Aim: The University Hospitals of Leicester NHS Trust microbiology laboratory receives 150 000 urine samples each year, approximately 80% of which prove to be culture negative. The aim of this study was to reduce the proportion of culture negative urines arriving in the laboratory, by producing local evidence based guidelines for the use of urine dipstick testing at point of care within the trust’s three acute hospitals.
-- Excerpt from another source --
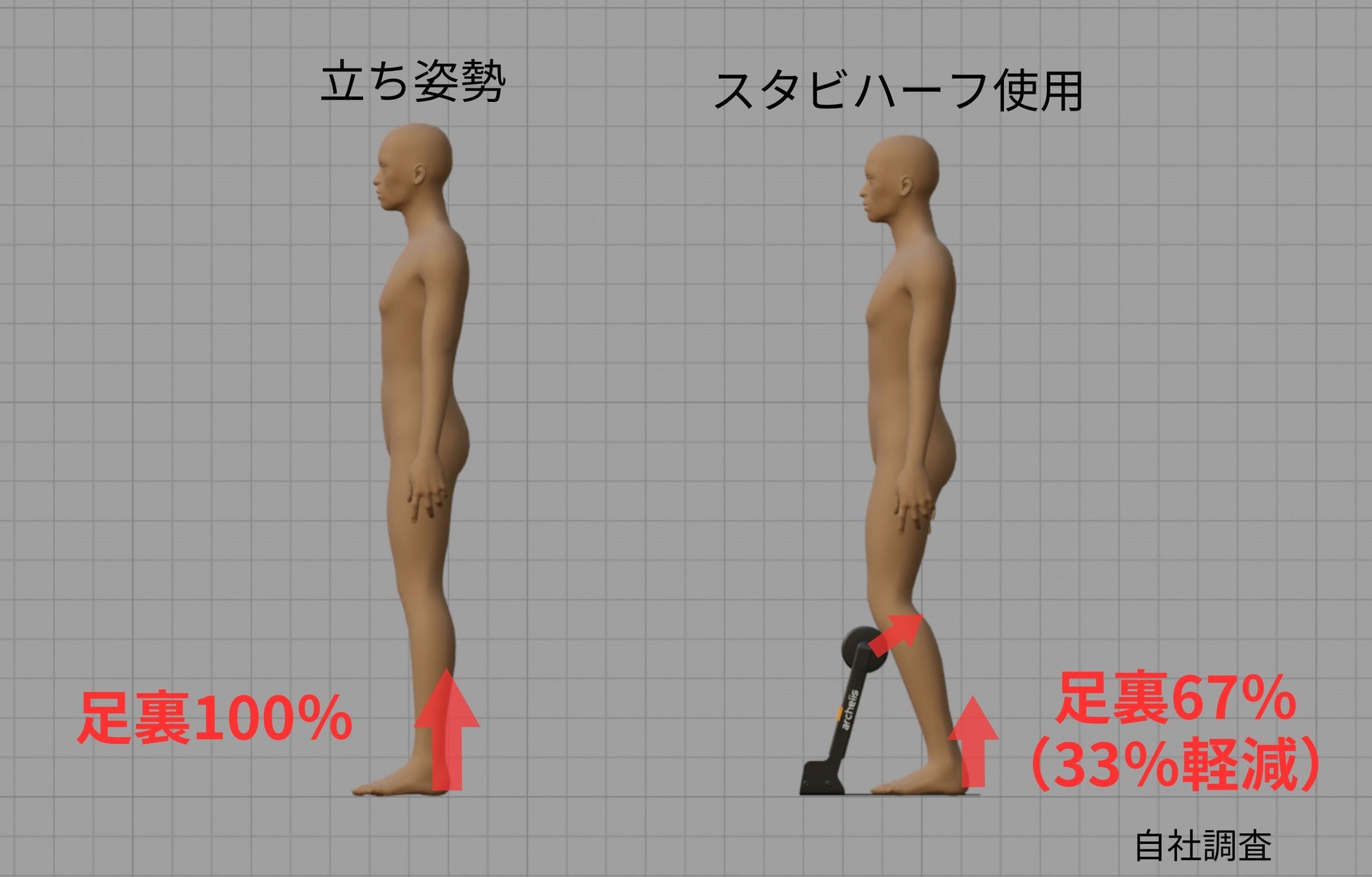 立ち姿勢では体重負荷が100%足裏に集中して、足や腰に疲労が溜まります。「スタビハーフ」は体重を分散して支えることで足裏への負荷を最大33%軽減することができます。

Methods: One thousand and seventy six unborated urine samples were dipstick tested at the point of care using an automatic strip reader. Quantitative results for the four infection associated markers—leucocyte esterase, nitrite, blood, and protein—were compared with the results of conventional laboratory microscopy and culture.

Results: The performance of different marker combinations was calculated against the routine laboratory methods. One hundred and seventy five (16.3%) samples were negative for all four markers. Of these dipstick negative samples, only three (1.7% of all true positives) were positive by culture. The absence of all four infection associated markers was found to have a greater than 98% negative predictive value and a sensitivity and specificity of 98.3% and 19.2%, respectively.

Conclusions: A urinary dipstick testing algorithm for infection associated markers was derived for use in hospital patients to screen out negative urines. Two years after distributing the algorithm and promoting access to reagent strips and strip readers, a reduction in the urine workload has been seen against an otherwise increasing laboratory specimen load.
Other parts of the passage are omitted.